Using the top-level `pd.to_timedelta`, you can convert a scalar, array, list, or Series from a recognized timedelta format/value into a Timedelta type.

In [None]:
# Parse a single string to a Timedelta
pd.to_timedelta('1 days 06:05:01.00003')

In [None]:
# Parse microseconds
pd.to_timedelta('15.5us')

In [None]:
# Parse a list/array of strings
pd.to_timedelta(['1 days 06:05:01.00003', '15.5us', 'nan'])

In [None]:
# Using the unit keyword argument to specify the unit of the Timedelta
pd.to_timedelta(np.arange(5), unit='s')  # seconds

In [None]:
pd.to_timedelta(np.arange(5), unit='d')  # days

### Timedelta Limitations

Pandas represents Timedeltas in nanosecond resolution using 64 bit integers.
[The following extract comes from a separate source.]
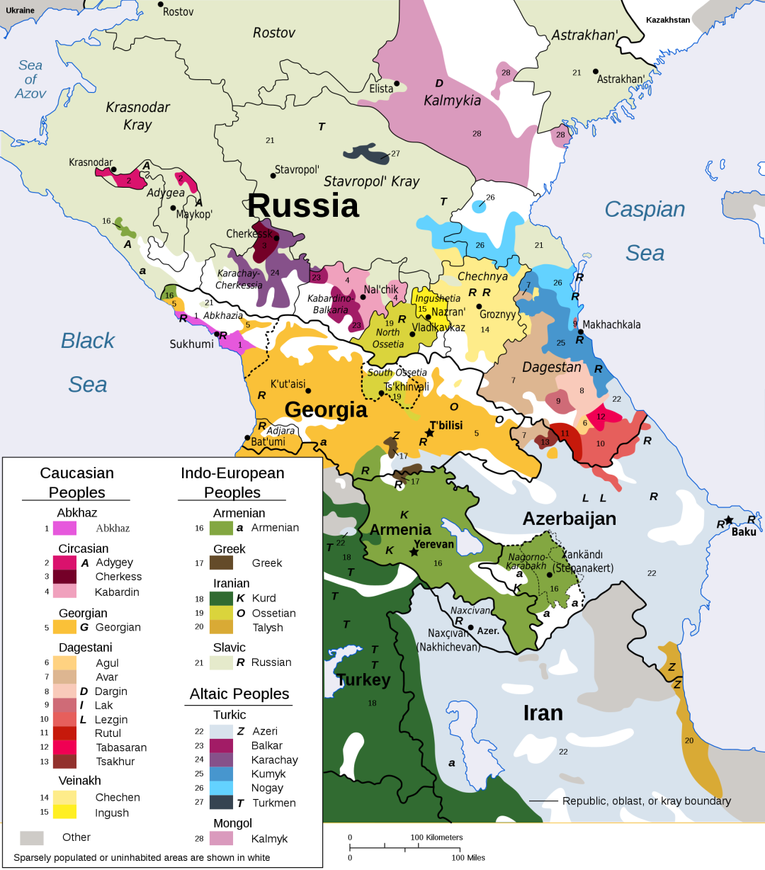 高加索地区大致的民族分布,光是图上显示出来的就有28个民族

As such, the 64 bit integer limits determine the Timedelta limits.

In [None]:
# Minimum Timedelta value
pd.Timedelta.min

In [None]:
# Maximum Timedelta value
pd.Timedelta.max

##### Operations with Timedeltas

You can operate on Series/DataFrames and construct timedelta64[ns] Series through subtraction operations on datetime64[ns] Series, or Timestamps.

In [None]:
# Create a Series of dates
s = pd.Series(pd.date_range('2012-1-1', periods=3, freq='D'))

# Create a Series of timedeltas
td = pd.Series([pd.Timedelta(days=i) for i in range(3)])

# Create a DataFrame with both
df = pd.DataFrame({'A': s, 'B': td})
df

In [None]:
# Add a datetime and a timedelta
df['C'] = df['A'] + df['B']
df

In [None]:
# Check the data types
df.dtypes

In [None]:
# Subtract dates to get timedeltas
s - s.max()

In [None]:
# Subtract a datetime from a Series of dates
s - datetime.datetime(2011, 1, 1, 3, 5)

In [None]:
# Add a timedelta to a Series of dates
s + datetime.timedelta(minutes=5)

In [None]:
# Add a pandas offset to a Series of dates
s + pd.offsets.Minute(5)

In [None]:
# Add multiple offsets
s + pd.offsets.Minute(5) + pd.offsets.Milli(5)

In [None]:
# Operations with scalars from a timedelta64[ns] series
y = s - s[0]
y

In [None]:
# Series of timedeltas with NaT values
y = s - s.shift()
y

##### Conclusion

In this notebook, we've explored:

1. Upsampling with forward fill and limits
2. Sparse resampling techniques
3. Aggregation with resampling for DataFrames
4. Creating and working with Timedeltas
5. Operations with Timedeltas and datetime objects

These features provide powerful tools for time series analysis and manipulation in pandas.